Бьюсь об заклад, Петр вспомнил именно о польских своих союзниках. Приехавши в его свите в городок Станиславов, на встречу с королем Августом, я окунулся в такой бездонный омут лицемерия, что не чаял и выбраться из него. Казалось бы, уроженцу Венеции невместно удивляться примитивным интригам каких-то варваров — однако в городе на лагунах мне довелось вращаться отнюдь не в высших кругах, да и по крови я не венецианец, а русский. Отец мой (коего сыну знать не довелось) был русским ратником или казаком, попавшим в турецкий плен, освобожденным с галер великим Морозини и канувшим в Лету бесследно. Но не бесплодно! Слава Богу, хватило ума сию родословную от царя утаить. Здесь меня числят иноземцем, и оспаривать этот статус резону нет. Хотя бы потому, что иноземцу жалованье идет вдвое выше, нежели русскому в том же чине. Уж не говорю о свободе: подданные в глазах царя — рабы, а к наемникам отношение иное. Какой бы странной и чудовищной нелепицей это ни казалось, но в России невыгодно быть русским!
Впрочем, Петру наплевать, какой масти лошадь, лишь бы воз тянула. Важнее рода-племени чин, и тут на государя грех жаловаться. Принять подозрительного чужака и безродного бродягу капитаном в гвардию, а потом за десять лет возвести до генерал-майора — это признание достоинств! Бывали, конечно, и более блестящие карьеры — зато с гордостью могу сказать, что все свои чины и награды добыл честно, потом и кровью. Дрался при Лесной, под Полтавой; на Пруте был контужен, потом от поноса чуть не сдох; а дальнейшая война с турками, уверен, без меня бы совсем иначе пошла. Днепровские городки оборонил; морем и сушей ходил в Крым, в ответ на ханские набеги. Большое турецкое войско, с самим визирем во главе, вынудил к отступлению и Борису Петровичу Шереметеву, как бычка на заклание, подвел. Слава поражения оного принадлежит фельдмаршалу — но и ваш покорный слуга не на печи лежал.

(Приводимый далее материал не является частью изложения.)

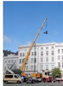
Spektakuläre Anlieferung: Für Arbeiten im Innenhof der Lübecker Altstadt Häuser werden Maschinen von HKL per Kran an ihren Einsatzort transportiert.
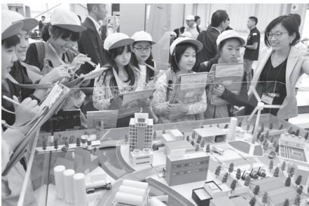
水素エネルギー社会を表した環境省制作のジオラマの前に、説明を受ける中部小の児童。

地元小学生も感動 最先端の技術、間近に 水素エネルギーや海洋プラスチックごみに関連した最先端の技術を紹介する「G20イノベーション展」が6月14日から16日、軽井沢プリンスショッピングプラザ駐車場で開かれた。トヨタ自動車やサントリーホールディングスなど、約90の企業や団体が出展。月面の有人探査モビリティの小型模型などを展示。微生物の力で二酸化炭素と水に分解されるプラスチックなども紹介した。14日、G20参加国など
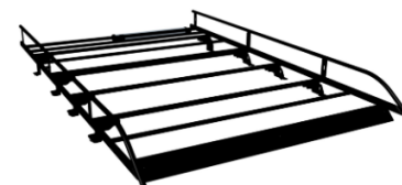
Jekleni prtljažnik L1 ( nosilnost 135 kg), L2 ( nosilnost 170 kg), L3 (nosilnost 170 kg) 1.085 € / 1.109 € / 1.175 €
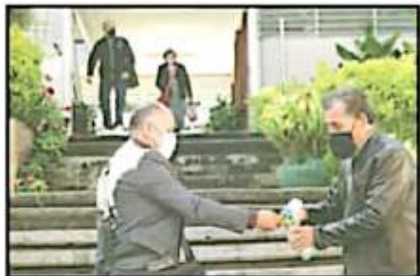
EN LAS INSTITUCIONES EDUCATIVAS SE ACATARON LOS PROTOCOLOS DE SALDO
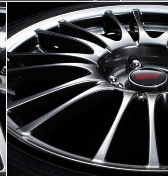
Llantas de aleación de aluminio forjado BBS de 18 pulgadas (Alto lustre, negro)*
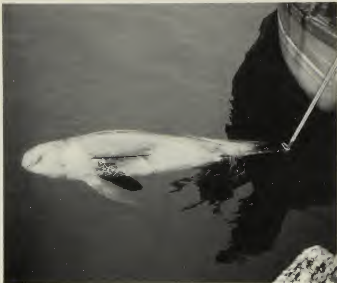
Fig. 4 – Il grampo ( Grampus griseus ) recuperato dal Museo di Storia Naturale di Milano il 26 maggio 1990.
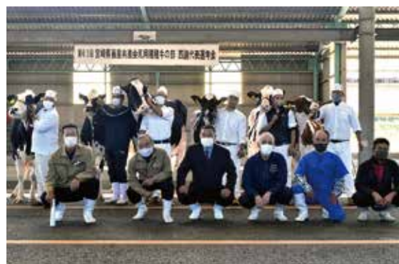
入賞者と集合写真
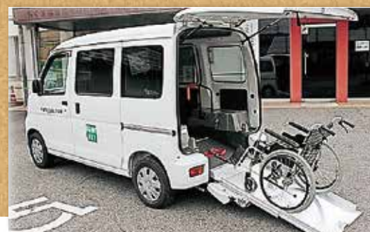
— 地域福祉推進事業 — 移送自動車・車いすの貸出、成年後見支援センター心配ごと・法律・結婚相談等
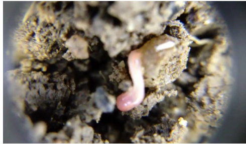
Pom tshwm sim tej cua nab nteq qe rau hauv tej chaw uas muaj av zoo.

Kev ua rau tej cag qoob loo muaj sia nyob rau hauv av mas thiaj li yuav ua tau peb lub hauv paus ntsiab lus no, thiab tuaj yeem tau li no los ntawm kev cog qoob loo hloov pauv mus los, tej qoob loo npog av, thiab/los sis los ntawm tej nyom uas ib txwm muaj (nyom uas ib txwm xeeb txawm los sis los sis nyom tshav tsiaj noj). Kev cog tej qoob loo ntau yam mus los rau hauv lub xyoo los sis ntau lub xyoo mas thiaj li yuav rhuav tshem tej kab mob/voj voog kab noj. Ua kom muaj ntau yam tsiaj me me muaj sia nyob hauv av thiab ua kom muaj tej cag muaj sia nyob hauv av thiaj li yuav pab ua rau txheej av hauv qab av ua hauj lwm tau zoo thiab ua rau muaj tej ntab tej muv coob zuj zus tuaj. Thaum siv ob lub hauv paus ntsiab us no tau raug zoo lawm, ces tsis yog tej av yuav muaj SOM xwb thiab sis yuav tsim SOM thiab ua rau muaj chiv thiab ua rau qoob loo loj hlob (qoob loo los sis zaub nyuj).
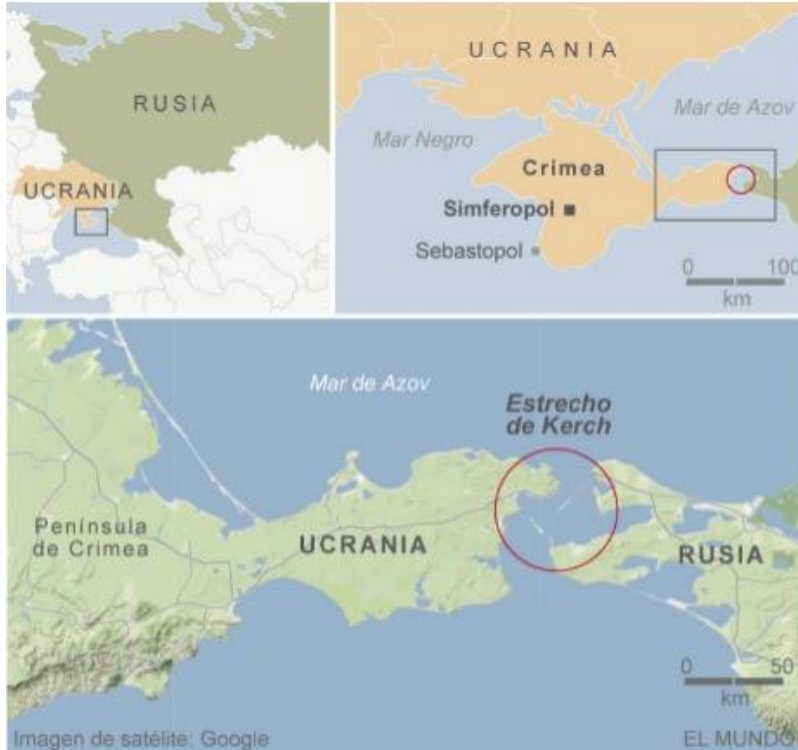
Figura 2: Mapa que indica la ubicación del Estrecho de Kerch, donde estará ubicado el puente que conectará Rusia y la Península de Crimea. (El Mundo, 2014).

En 2014 se publicó un nuevo plan infraestructural de Rusia que se llevaría a cabo un año después; este consiste en la construcción de un puente sobre el estrecho de Kerch para unir la Península de Crimea con el territorio ruso. Vladimir Putin califica esta hazaña como histórica, pues estaba planeada desde 1910. Se infiere que el puente estará funcionando en 2018, para facilitar la comunicación de estos dos territorios.
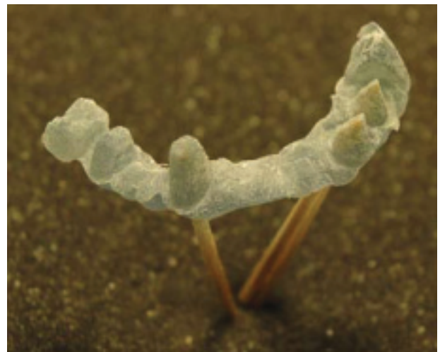
Kuva 5. Kipsimallimaisen mattapinnan saat pulveroimalla suuntamallin esim. kipsijauholla.
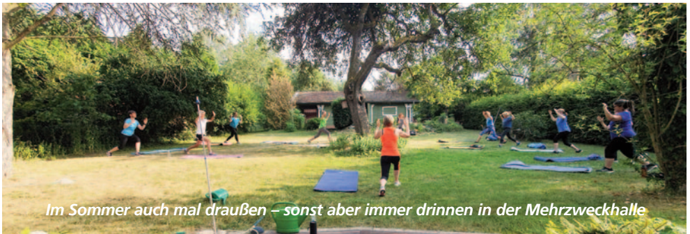
Im Sommer auch mal draußen – sonst aber immer drinnen in der Mehrzweckhalle

Es würde uns also freuen, euch an einem Dienstagabend bei uns in der Übungsstunde zu begrüßen.
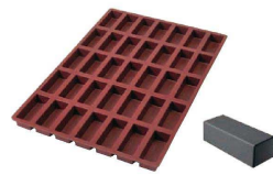
13 レクタングル 35取 008688-4060 (WMA-30) 1-1122-1301 ¥27,500 600×400 出来上がり寸法:100×40×H30
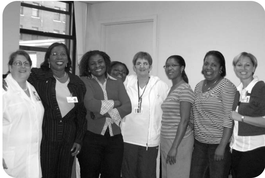
Voici une partie de l'équipe qui a travaillé à ce projet de réorganisation du travail lors d'une activité visant à remercier tous les intervenants.

À J.-H. Charbonneau, en 2007-2008 un projet de réorganisation du travail a été réalisé afin de se doter d'une nouvelle structure de travail permettant aux membres de l'équipe soignante de mieux connaître les besoins des résidents, leurs habitudes de vie, leur histoire de vie et par conséquent de respecter le plus possible leur choix. Cette réorganisation du travail est en lien direct avec l'application du code d'éthique et l'actualisation des principes directeurs d'un milieu de vie de qualité. Cette démarche a été très exigeante pour les infirmières, les infirmières auxiliaires et les préposés aux bénéficiaires qui devaient revoir leur façon de faire et se mobiliser à travailler davantage en équipe; toutefois les résultats obtenus se sont avérés très positifs. Un questionnaire auprès des résidents et des employés interpellés par ce projet a confirmé une amélioration importante de la qualité de vie des résidents et de la qualité de vie des personnes qui les accompagnent, soient les intervenants. Merci à tous.
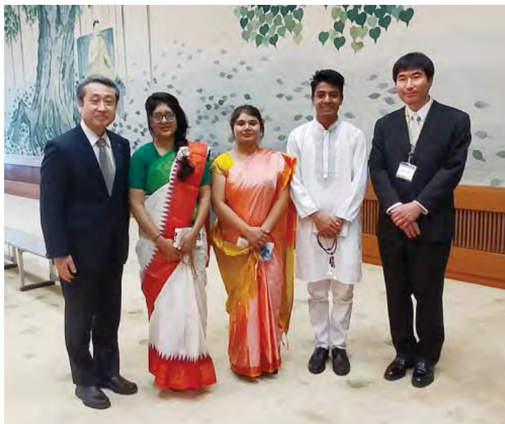
२०२४ अप्रिल ६मा गाकुरिन बिद्यालयको भर्ना हुने बिदेशी विद्यार्थीसँग (होरिन्कान हलमा)

हाम्रा अध्यक्षले “आफ्नो जिवनशैली र प्रवृत्ति” नै “अमरत्वको एक रूप हो” भनेर सिकाउनु भएको छ । मैले जस्तै संस्थापकसँग “संबन्ध” राख्न मौका पाएकाहरू प्रतेकले शान्तपूर्ण मन गरेर नमन गरी हरेक दिन बिताउन सक्नु भनेर कामना गर्दछु ।
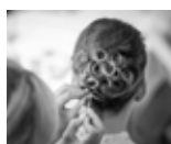
Hääkampaukset taidolla KAMPAAMO VIILHA
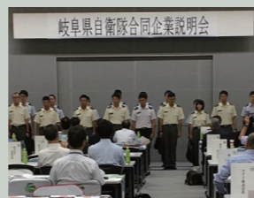
岐阜県自衛隊合同企業説明会
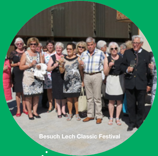
Besuch Lech Classic Festival
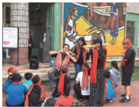
108年 巴蘭： 仁愛國小(賽德克族)

Теперь царь, похоже, захотел испытать меня на годность к иной службе и совлечь с честного воинского пути на кривые тропы дипломатии. В недавнем совете возобладало почти единодушное мнение (один князь Кантемир его не поддержал), что одновременная война с Портой Оттоманской и Шведским королевством России не по силам. Истощение государственной казны превосходит все границы разумного. Надо искать либо союзников против султана, либо мира с ним. Начали поиск, разумеется, с Августа. Меня государь представил соседственному монарху как военного советника, поэтому в конференциях я откровенно бездельничал, изучая от скуки тонкости этикета, упражняясь в построении на лице доброжелательной улыбки и разглядывая польских контрагентов.
Дело в том, что алиату нашему воевать было нечем. Он с готовностью обещал царю любую возможную помощь против турок — но обещал за себя лично, не за государство. Принудить Речь Посполитую король не имел власти. Чтобы привести в действие компутовое войско — содержимое на жалованьи согласно компуту, сиречь расчету, утвержденному сеймом, — требовалось сеймовое же решение. Совершенно непреодолимый барьер, и даже если его каким-то чудом переползти — все равно толку мало, ибо численность войска не превышала дивизии. Для увеличения, надо убедить шляхту поступиться доходами в пользу казны. За целый век ни одному польскому монарху, кроме Яна Собесского, такого не удавалось.
Чем ближе я узнавал политическое и военное устройство республики, тем больше дивился Августу, рискнувшему втянуть ее в Северную войну, чтобы отнять у шведов Ливонию. Сие подобно кавалерийской атаке верхом на корове: кроме большого количества говядины, ничего хорошего не выйдет.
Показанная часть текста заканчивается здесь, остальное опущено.